# Problem to work on
Set down the final stretch of the data, from the line that holds "The above demographics" through the last line, both included, with pictures left out.

---------- Record set

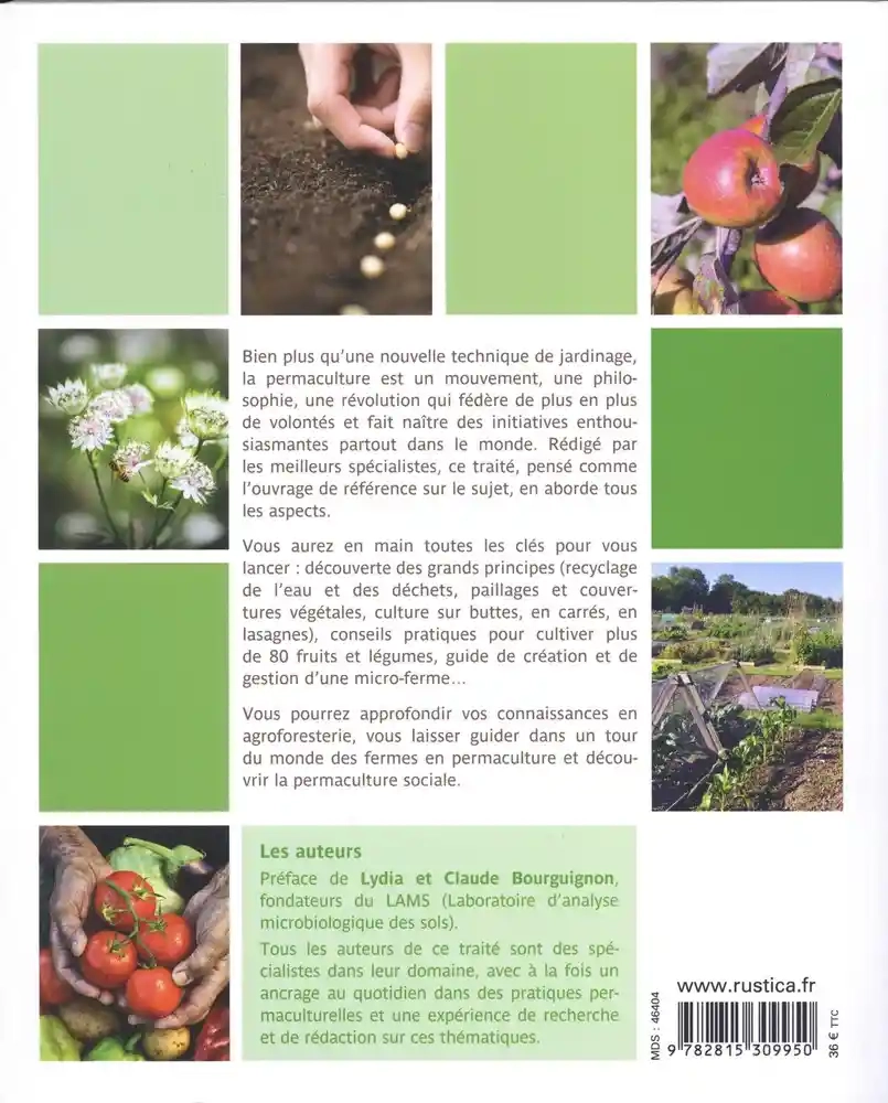 Bien plus qu'une nouvelle technique de jardinage, la permaculture est un mouvement, une philosophie, une révolution qui fédère de plus en plus de volontés et fait naître des initiatives enthousiasmantes partout dans le monde. Rédigé par les meilleurs spécialistes, ce traité, pensé comme l'ouvrage de référence sur le sujet, en aborde tous les aspects. Vous aurez en main toutes les clés pour vous lancer : découverte des grands principes (recyclage de l'eau et des déchets, paillages et couvertures végétales, culture sur buttes, en carrés, en lasagnes), conseils pratiques pour cultiver plus de 80 fruits et légumes, guide de création et de gestion d'une micro-ferme...
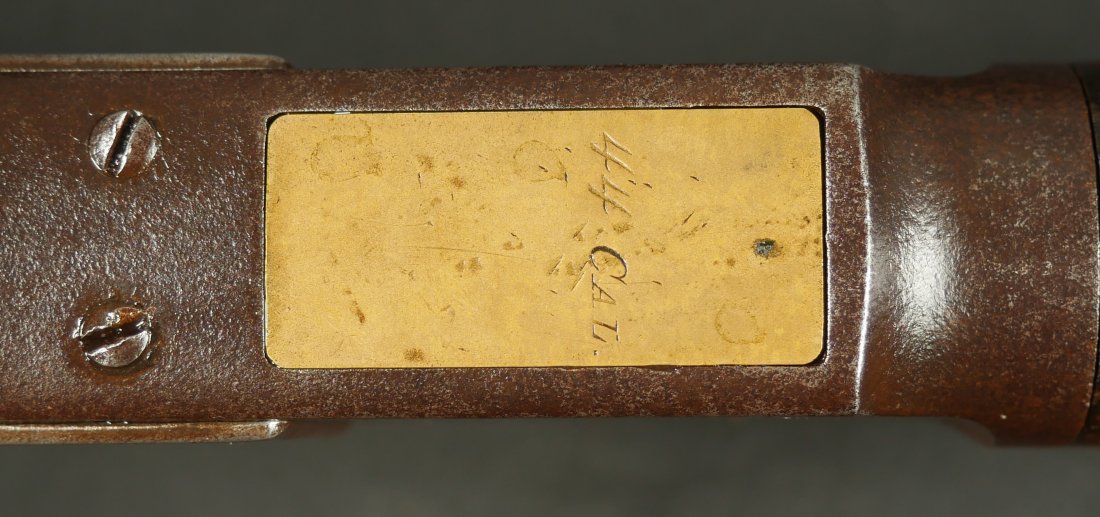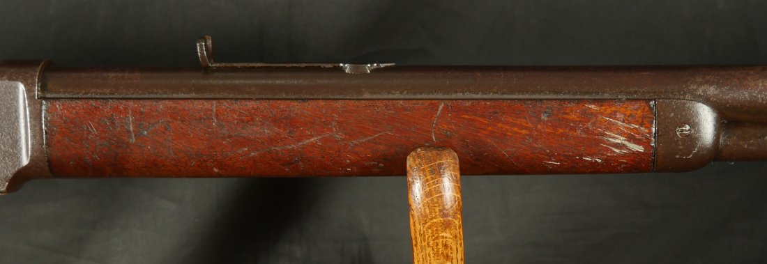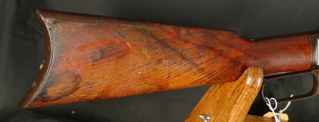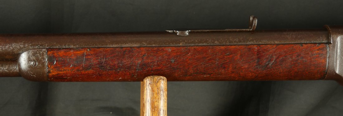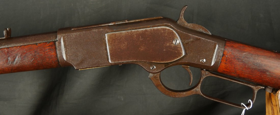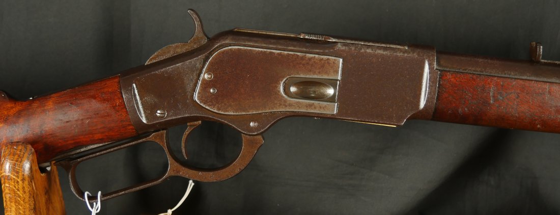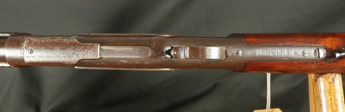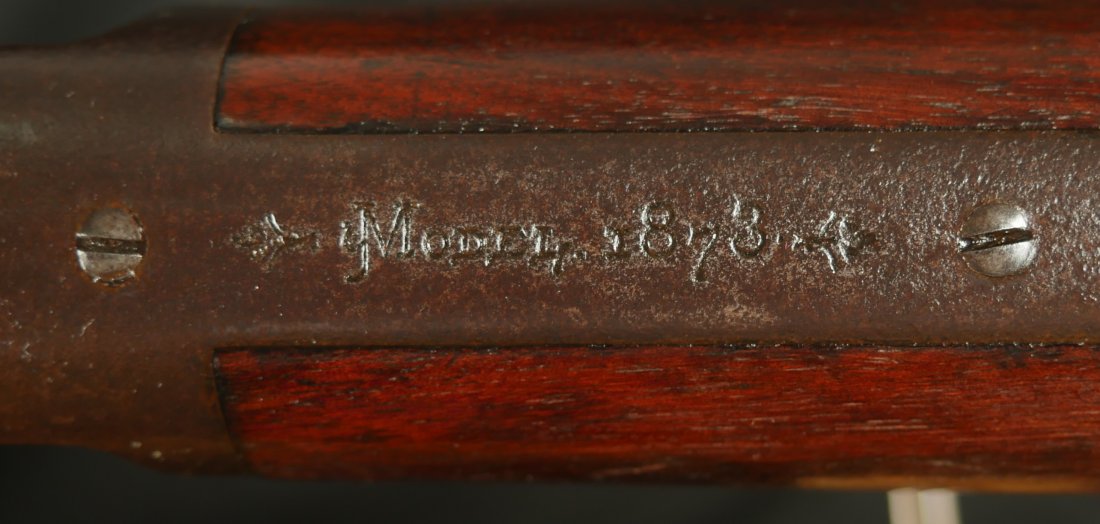 079-0126-9380, Winchester M-1873 3rd Round Barrel Rifle in 44-40, #179xxx made in 1885. With dark overall chocolate patina with spots of fine surface residue scattered about the metal parts. Fine wood to metal fit, clear markings, functional mechanics. The bore shows strong rifling with shallow scattered spots the entire length of the bore. The bore is shootable.
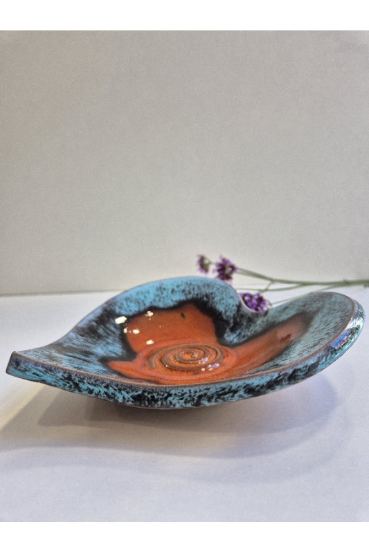 Talerzyk serce większe "Czerwień z niebieskim". Ręcznie robiona ceramika z Krety, 716
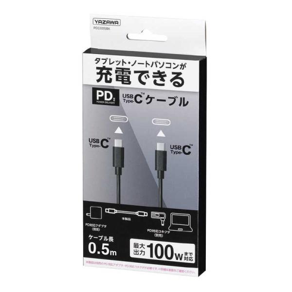 ヤザワ PD100W対応ケーブル50cm TypeC PDC005BK
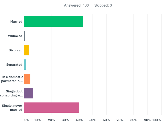 The above demographics are reflected in “relationship status.” Lots of younger people who say “single” (though presumably they are dating).
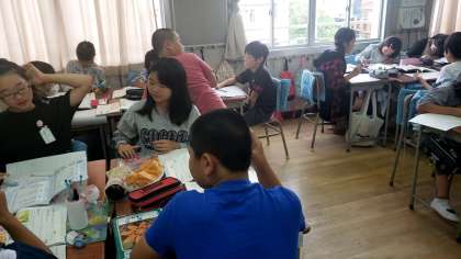 自分で物語を創作する学習です。まずは、あらすじや登場人物を考えています。
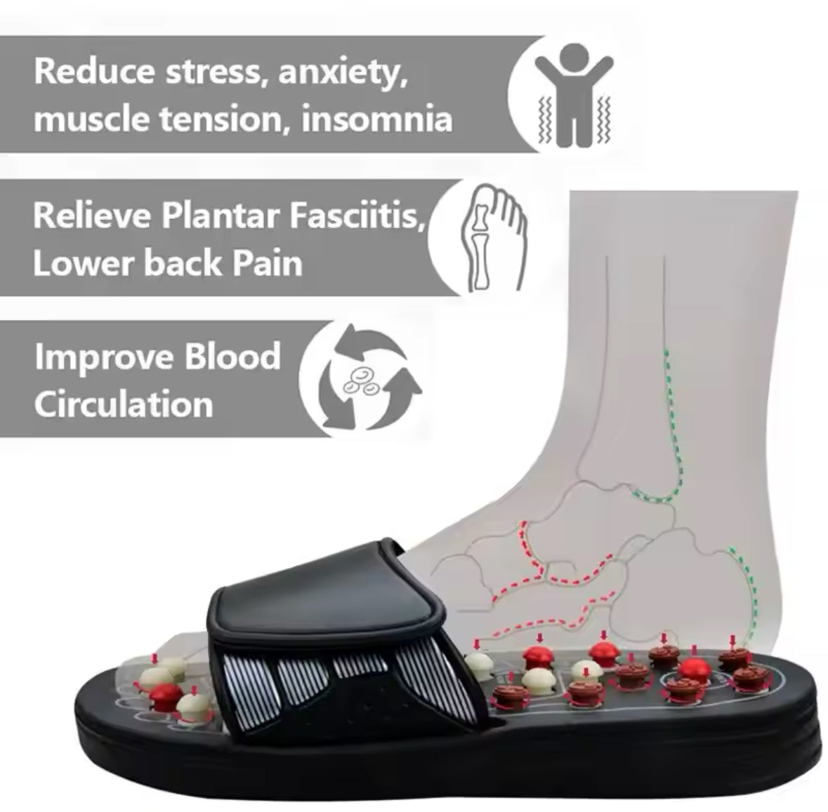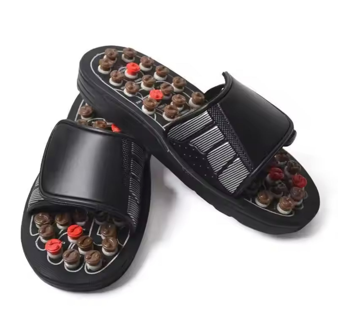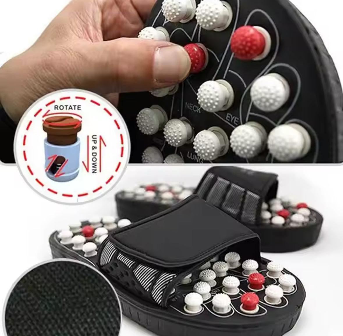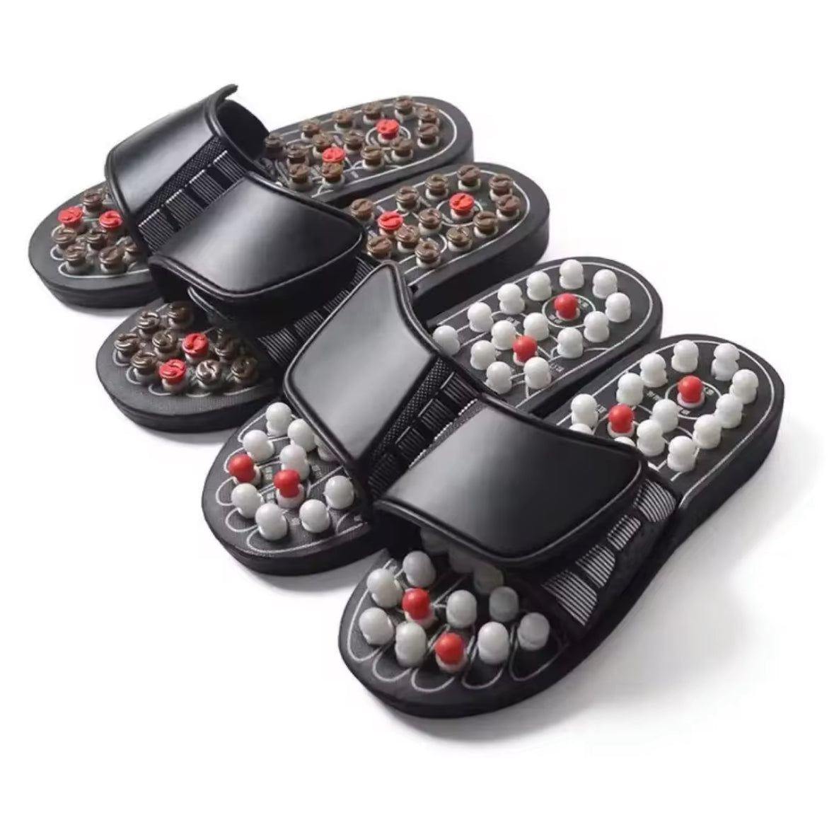 Erleben Sie mit den Fuss Reflexzonen Massage Schlappen die wohltuende Akupressur Therapie und starke Dämpfung für Ihre Füsse. Die beweglichen Massage Noppen stimulieren die Reflexzonen und sorgen für Gemütlichkeit und Gesundheit, ob draussen oder im Wasser. Holen Sie sich diese bequemen und vielseitigen Hausschuhe für entspannte Füsse.
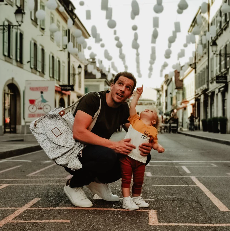 It has detachable shoulder straps and can also be attached to strollers or slotted over a retractable suitcase handle.
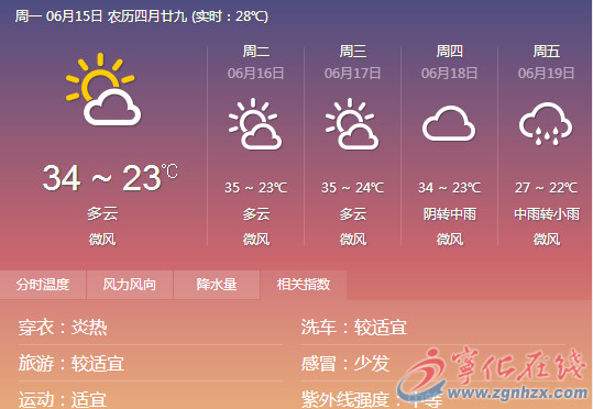 具體預報,29日:多云到晴,氣溫26~35℃;30日:晴到多云,氣溫26~36℃;7月1日:多云,部分鄉鎮有陣雨或雷陣雨,氣溫26~36℃;2日:陰有小到中雨,局部大雨,氣溫25~34℃;3日:陰有小到中雨,局部大雨,氣溫25~32℃;4日:陰有小雨,氣溫25~32℃;5日:多云到陰,有陣雨或雷陣雨,氣溫25~36℃。(羅 鳴)
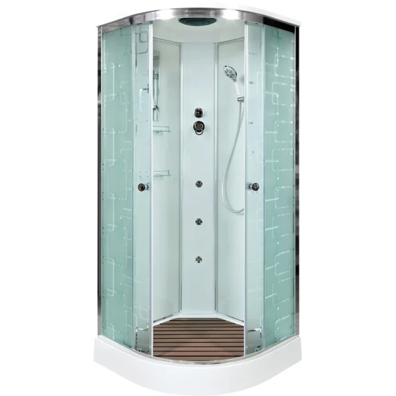 Душевой шланг, Душевая лейка, Держатель для душевой лейки, Полочка, Ручки, Верхний душ, Металлический каркас, Поддон, Смеситель, Сифон, Штанга душевая, Ножки, Зеркало, Настил

--------------------

# Written response
 The above demographics are reflected in “relationship status.” Lots of younger people who say “single” (though presumably they are dating).
 自分で物語を創作する学習です。まずは、あらすじや登場人物を考えています。
 Erleben Sie mit den Fuss Reflexzonen Massage Schlappen die wohltuende Akupressur Therapie und starke Dämpfung für Ihre Füsse. Die beweglichen Massage Noppen stimulieren die Reflexzonen und sorgen für Gemütlichkeit und Gesundheit, ob draussen oder im Wasser. Holen Sie sich diese bequemen und vielseitigen Hausschuhe für entspannte Füsse.
 It has detachable shoulder straps and can also be attached to strollers or slotted over a retractable suitcase handle.
 具體預報,29日:多云到晴,氣溫26~35℃;30日:晴到多云,氣溫26~36℃;7月1日:多云,部分鄉鎮有陣雨或雷陣雨,氣溫26~36℃;2日:陰有小到中雨,局部大雨,氣溫25~34℃;3日:陰有小到中雨,局部大雨,氣溫25~32℃;4日:陰有小雨,氣溫25~32℃;5日:多云到陰,有陣雨或雷陣雨,氣溫25~36℃。(羅 鳴)
 Душевой шланг, Душевая лейка, Держатель для душевой лейки, Полочка, Ручки, Верхний душ, Металлический каркас, Поддон, Смеситель, Сифон, Штанга душевая, Ножки, Зеркало, Настил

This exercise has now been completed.